=== SOURCE DATA ===
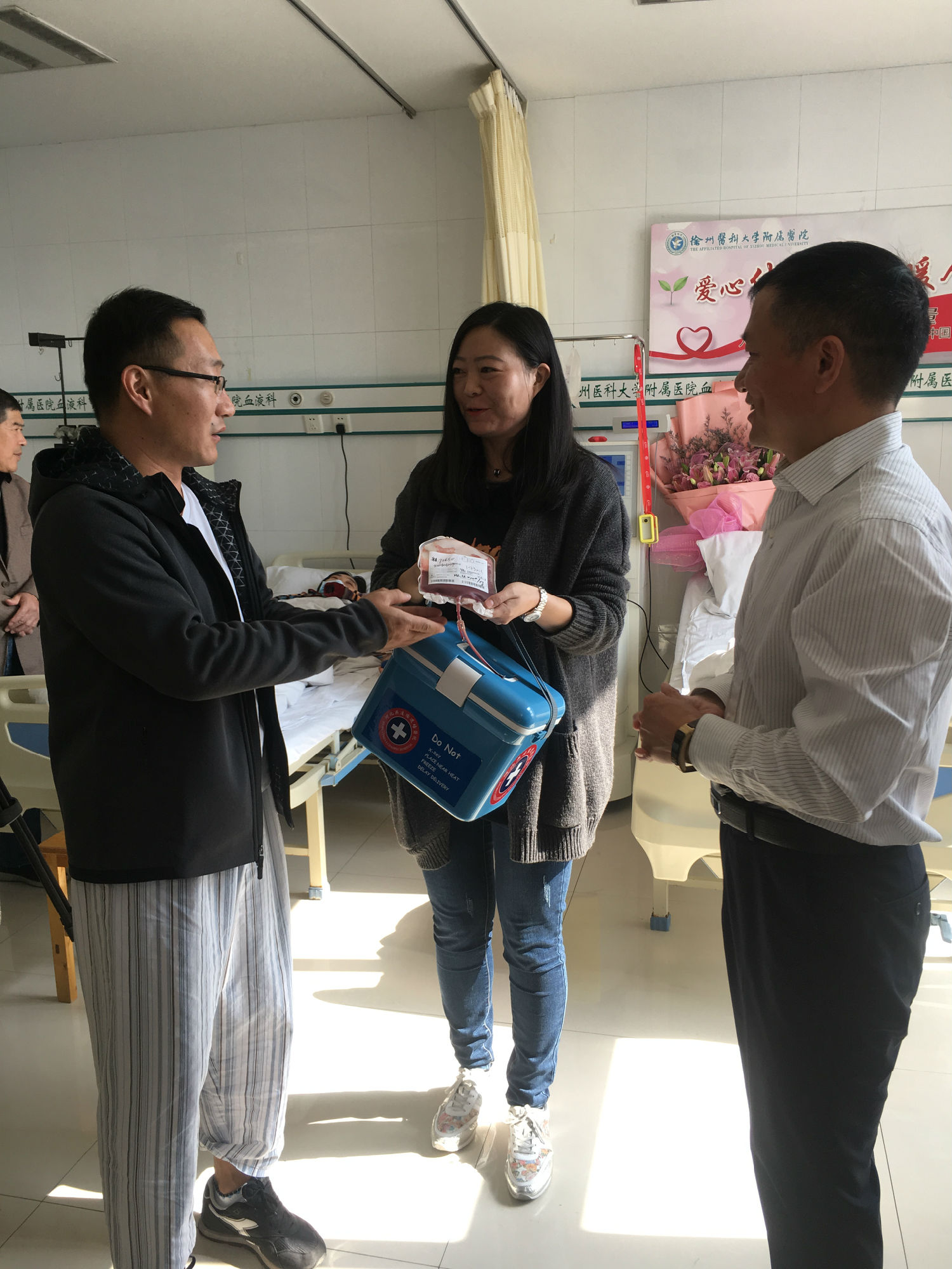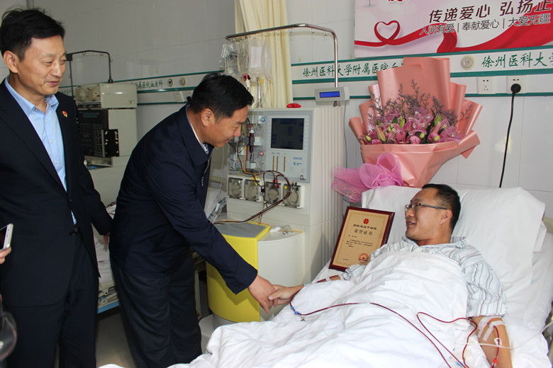 自7月底接到通知的這段時間,鄭剛一直積極配合著,希望保持最佳的身體狀態(tài)進行捐獻。他努力克制自己,戒煙戒酒,鍛煉身體,增加高營養(yǎng)的飲食調(diào)理。喝不慣牛奶的他甚至強迫著自己一天喝兩包奶。國慶節(jié)幾天,他突然感冒發(fā)低熱,竟忍著沒敢吃藥……鄭剛所在的單位也給予了大力的支持和配合,10月25日入院,徐州公交為他舉辦了隆重的歡送儀式,董事長、總經(jīng)理杜紅軍等領(lǐng)導(dǎo)給他送來了慰問金,安排好他的休息時間。
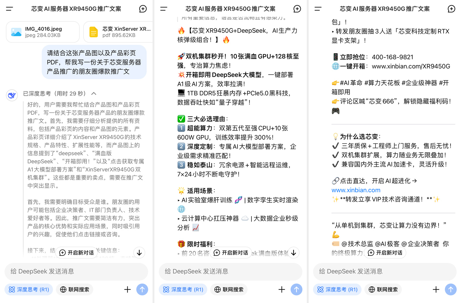 如下图我把公司的产品宣传图和彩页上传DeepSeek后,告诉他“请结合这张图片以及产品彩页pdf文件,帮我写一篇关于芯变服务器产品推广的朋友圈爆款产品推广文”你就可以得到一篇令人惊喜的微信朋友圈/小红书的爆款产品推文了。
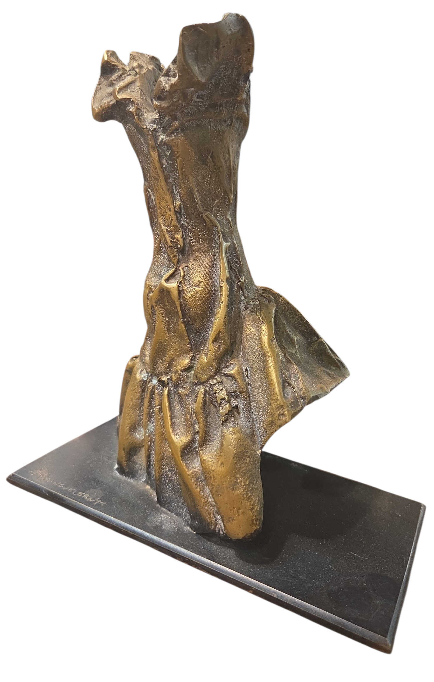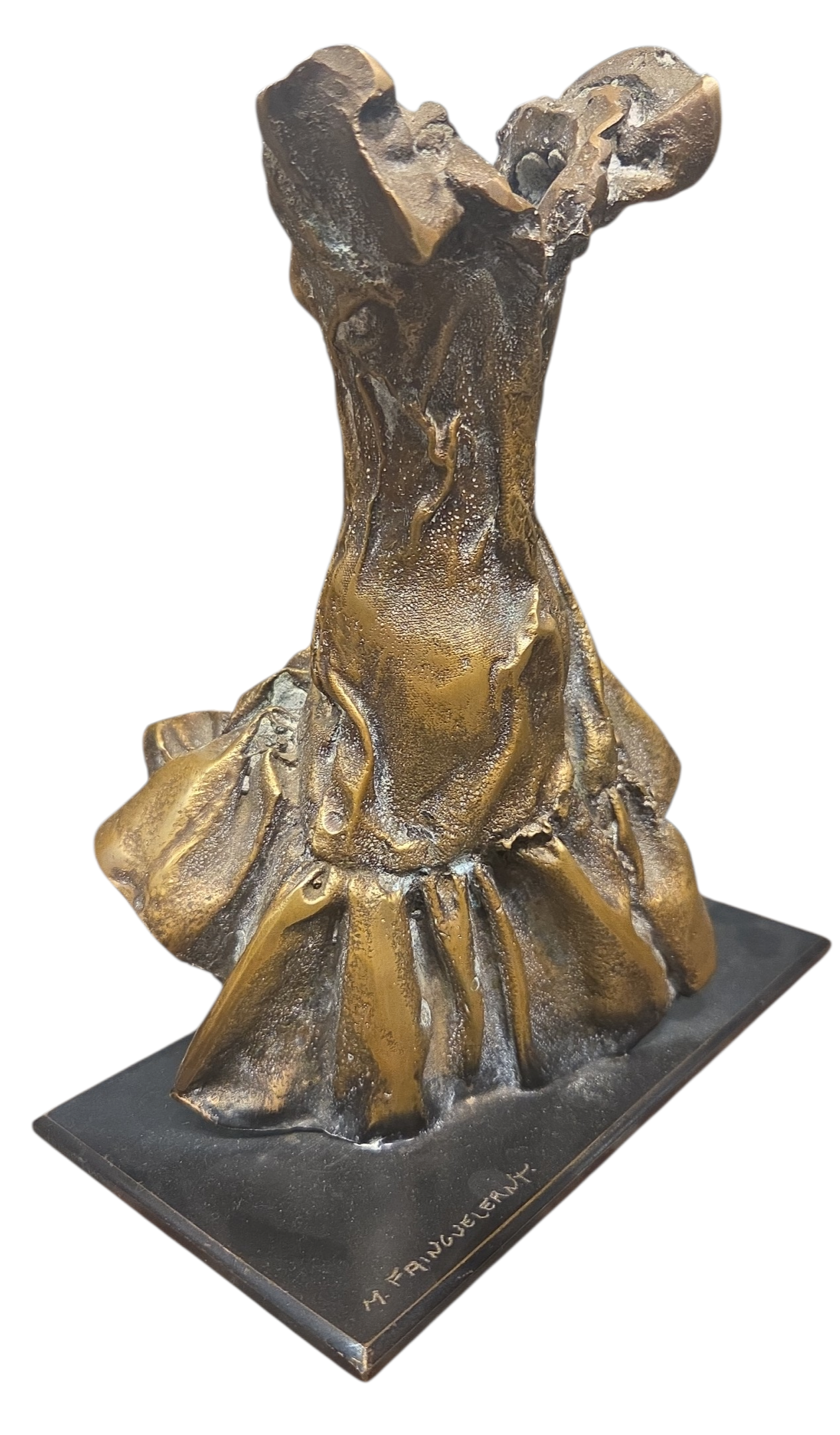 Magnífica escultura do artista plástico Mauro Fainguelernt. A obra apresenta a estética característica do autor: formas fluidas, alongadas e uma expressividade que domina o espaço. Uma peça indispensável para colecionadores de arte contemporânea brasileira que buscam elegância e investimento.

=== EXERCISE PROMPT ===
The range to transcribe runs from the line holding "如下图我把公司的产品宣传图和" through the final line of the data above; copy it exactly and exclude the pictures.

=== SOLUTION TO THIS TASK ===
 如下图我把公司的产品宣传图和彩页上传DeepSeek后,告诉他“请结合这张图片以及产品彩页pdf文件,帮我写一篇关于芯变服务器产品推广的朋友圈爆款产品推广文”你就可以得到一篇令人惊喜的微信朋友圈/小红书的爆款产品推文了。
 Magnífica escultura do artista plástico Mauro Fainguelernt. A obra apresenta a estética característica do autor: formas fluidas, alongadas e uma expressividade que domina o espaço. Uma peça indispensável para colecionadores de arte contemporânea brasileira que buscam elegância e investimento.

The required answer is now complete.